In and before the 2012 election, Cuomo approved gerrymandered districts (in favor of Republicans, of course), and endorsed a Republican (who was supportive of gay marriage) for a state senate race over a Democrat. In fact, state senate Democrats believed Cuomo was fighting so strongly against them that they asked him to completely stay out of the state senate races. Cuomo backed the IDC, claiming to support an “Albany that worked,” referring to one in which the state senate was controlled by Republicans.

Of course, the original five (well, really four until former Sen. Smith joined the club) aren't all still around in Albany or in the IDC. Former State Sen. Malcom Smith was convicted on corruption charges for trying to bribe state Republican officials to let him run for mayor of New York City on the Republican line. In the 2014 state primaries, Sen. Savino threatened to leave the IDC (though it didn’t matter in the end). Sen. Carlucci, also fearing a primary opponent, supported reunification with the Senate Democrats — and then went back on it once re-elected. Sen. Valesky still supports and is a member of the IDC. After Sen. Smith’s untimely departure, State Sen. Tony Avella took his place in the IDC — he also still supports and is a member of the breakaway group.

After the 2014 elections, though, the IDC was no longer a factor. A combination of the IDC turning the State Senate red, Cuomo’s cooperation with the Republican Senate, and his approval of the gerrymandered districts led to the Senate going completely to the Republicans, enough so that they didn’t need the IDC’s help any longer. Cuomo was thrilled — he no longer had to rely on the breakaway group.

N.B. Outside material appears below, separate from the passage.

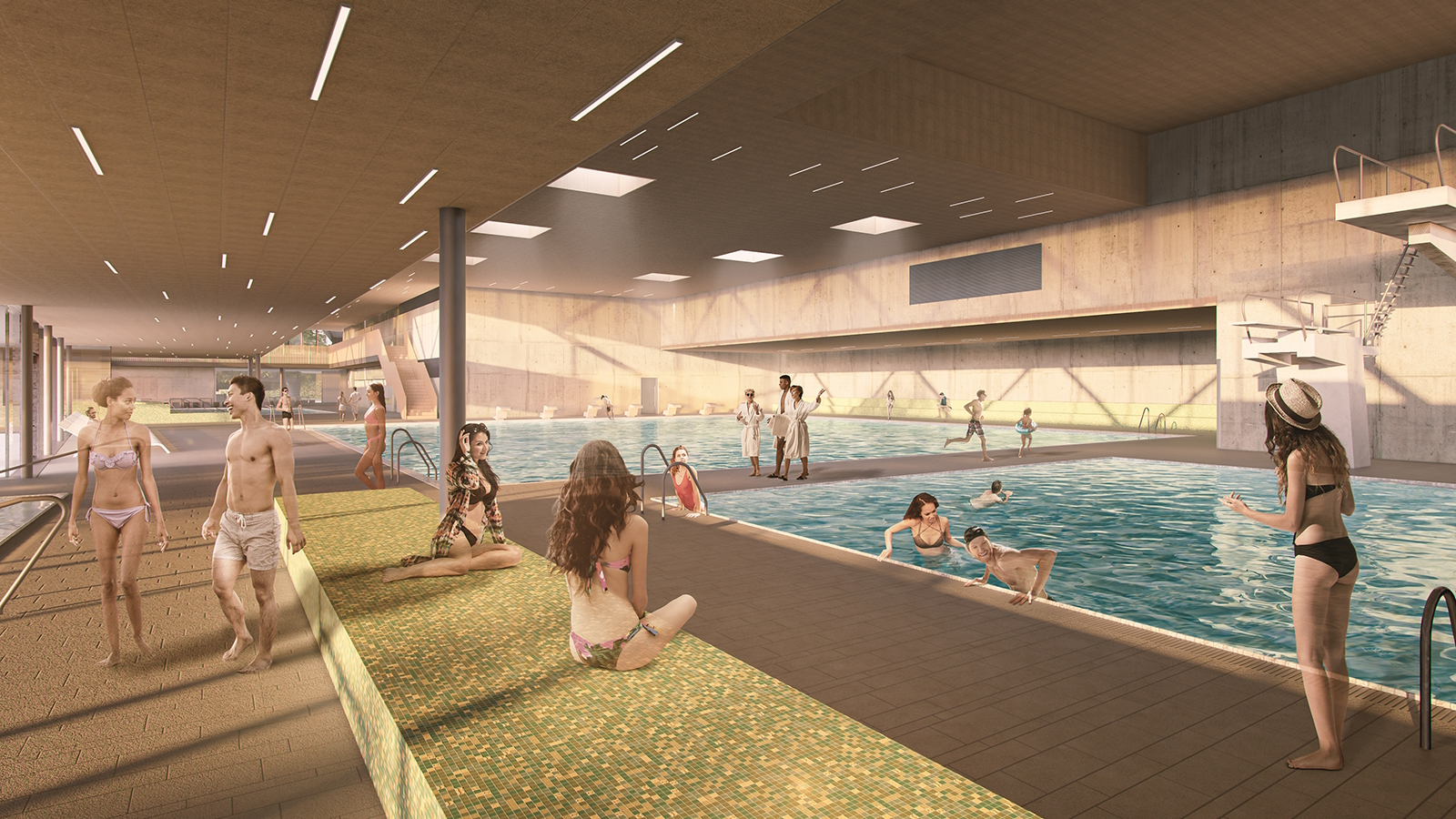 By merging the indoor and outdoor pools, a combination pool is to be created that meets future requirements both in terms of atmosphere and on a functional and technical level. The supplementary components of a sauna area should also be taken into account. This would allow better use of synergies that increase the attractiveness of the combination pool.

After facing a tough Democratic primary opponent in law school professor and anti-corruption expert Zephyr Teachout and securing a deal with the influential progressive state Working Families Party in which they endorsed him in exchange for his support of WFP State Senate candidates, Cuomo was suddenly absent on the campaign trail. He got the endorsement, beat Teachout, and essentially ignored his commitment, getting everything he really wanted — a victory for himself, and a victory for Republicans in the State Senate.

As the April 1st deadline for Cuomo’s 5th on-time budget deadline loomed, Cuomo proposed a $1 billion increase in state education funding — coupled with a number of terrible policy proposals that lit a fire under state teacher unions and ignited protests around the state. State Assembly Democrats — who control that chamber and have gotten more progressive after the indictment of corrupt (former) Assembly Speaker Sheldon Silver — proposed a strong alternative, with a $1.8 billion in crease in state education funding and absolutely none of Cuomo’s policy proposals, led by new Assembly Speaker Carl Heastie. It looked like Albany was finally prime for a budget showdown, coupled with ethics reforms in the wake of Silver’s indictment. Or so we thought.

Sunday night, it was reported that the State Senate, State Assembly, and Governor Cuomo came up with a budget agreement. The agreement appears to consist of lax ethics reforms (some disclosure requirements, but really not much), a $1.4 billion increase in state education funding, and most other measures, including the state DREAM Act, a minimum wage hike, a measure meant to combat sexual assault on college campuses, and other education reforms, completely left out of the bill. However, the bill does include an agreement that would give the State Education Department complete control over a new teacher evaluation system, would increase the requirement for teacher tenure to 4 years from 3, would slightly alter the procedure for closing “under-performing” (aka poor and minority) schools, and increases spending below 2 percent.

In the end, everything is back to normal. Albany wins on lax ethics reforms. Cuomo wins with an on-time budget, an “increase” in state education funding, and a few of his education policy proposals passing. And us, teachers, students, and families? We lost. Yet again.